Но зимой на поветь ходили разве что за вениками да за сеном для овцы — коровы-то у Капы давно не было. Летние воспоминания вымерзли за долгую зиму, стало быть, и рассказы иссякли. Теперь Капа другое в похвалу выставляла: как Семен Родимович сени делал. Досок, конечно, не было, одному продольную пилу не потянуть, так что он надумал? Он бревнышко клиньями раскалывал, скол затесывал, обстрагивал, и получалась такая плаха-половица, что хоть танцуй. И верно, когда Семен Родимович полностью выстлал сени, она потупала, крепко попрыгала. Не шелохнется пол! Тем же порядком, только из более легкого осинника, он наколол плах и на перегородки, отгородил в заднем углу сеней две кладовушки, и хоть класть туда было нечего, Капа ликовала: теперь и у нее как у людей!
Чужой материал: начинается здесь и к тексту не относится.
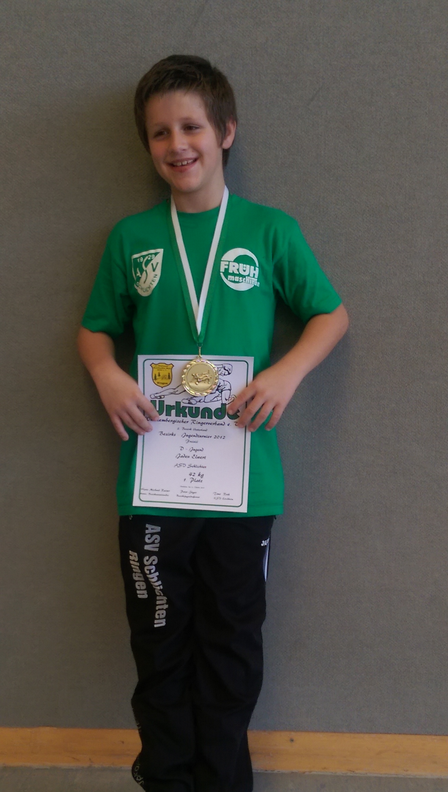 Unter den 80 Athleten die heute beim Bezirksturnier in Neuhütten antraten, war auch ein Jugendringer des ASV Schlichten in der D-Jugend Klasse bis 42 KG am Start. Nachdem bereits die Aktiven am Vorabend einen Sieg gegen den ASV Schorndorf errungen haben, startete Jaden Elwert mit gleichem Siegeswillen gegen den Schorndorfer Peil in das Turnier und konnte den Kampf bereits in der ersten Runde entscheidend gewinnen. Nach einem weiteren entscheidenden Sieg über den Böckinger Athleten Stimpfig, stand der Turniersieg bereits am späten Vormittag fest. Die heute gezeigten Leistungen, lassen auch für das bereits am nächsten Sonntag statt findende Turnier in Ebersbach eine gute Platzierung erwarten. Ein Dank an die Betreuung von seinem Vater Marcus.

Будет же когда-нибудь день, будет и пища. Она указывала на пустые кадушки — и Семен Родимович загодя чинил их, набивал новые обручи; замышляла закрома, да еще с раздельными ларями — и Семен Родимович делал закрома, под муку, под жито, под рожь и пшеницу отдельно. Что с того, что сыпать нечего? Были бы закрома — что-нибудь да когда-нибудь да найдется. По ее совету Семен Родимович полок в кладовке наделал, колышков набил для одежды, чтобы она в жаркой избе не прела. И тут Капе было легче, кое-что нашлось по углам, развесила, прикрыла рядниной — так-то хорошо стало! Не могла она нахвалиться своим Семеном Родимовичем, а потому и подыскивала всякую работу. Он охотно исполнял. Только однажды усомнился: «Полати-то зачем, Капа?» А надо сказать, что Пашка Лесьев, голова его садовая, за великой любовью полати тоже сделать не успел, а теперь они вроде бы и ни к чему. Изба просторная, детей нет, — были две беженки, да уехали, — кому там спать? Ее тоже было заразило сомнение, но она тут же нашлась: «А вдруг как детки будут, а вдруг как ты умрешь — кто тогда сделает?» Иной бы обиделся за такие пророчества — Семен Родимович принял их как должное. «А ведь верно, помереть я могу», — сказал и в срочном порядке стал делать полати. Тут уж Капу от такой поспешности диво взяло: что за притча, что за мужик? А то, отвечал Семен Родимович, что все в жизни бывает; раз мужик бабу свою любит, должен и о будущем ее подумать. Что на это ответишь? Только то, что умный мужик Семен Родимович… дай ему бог долгой жизни при жене своей Капе!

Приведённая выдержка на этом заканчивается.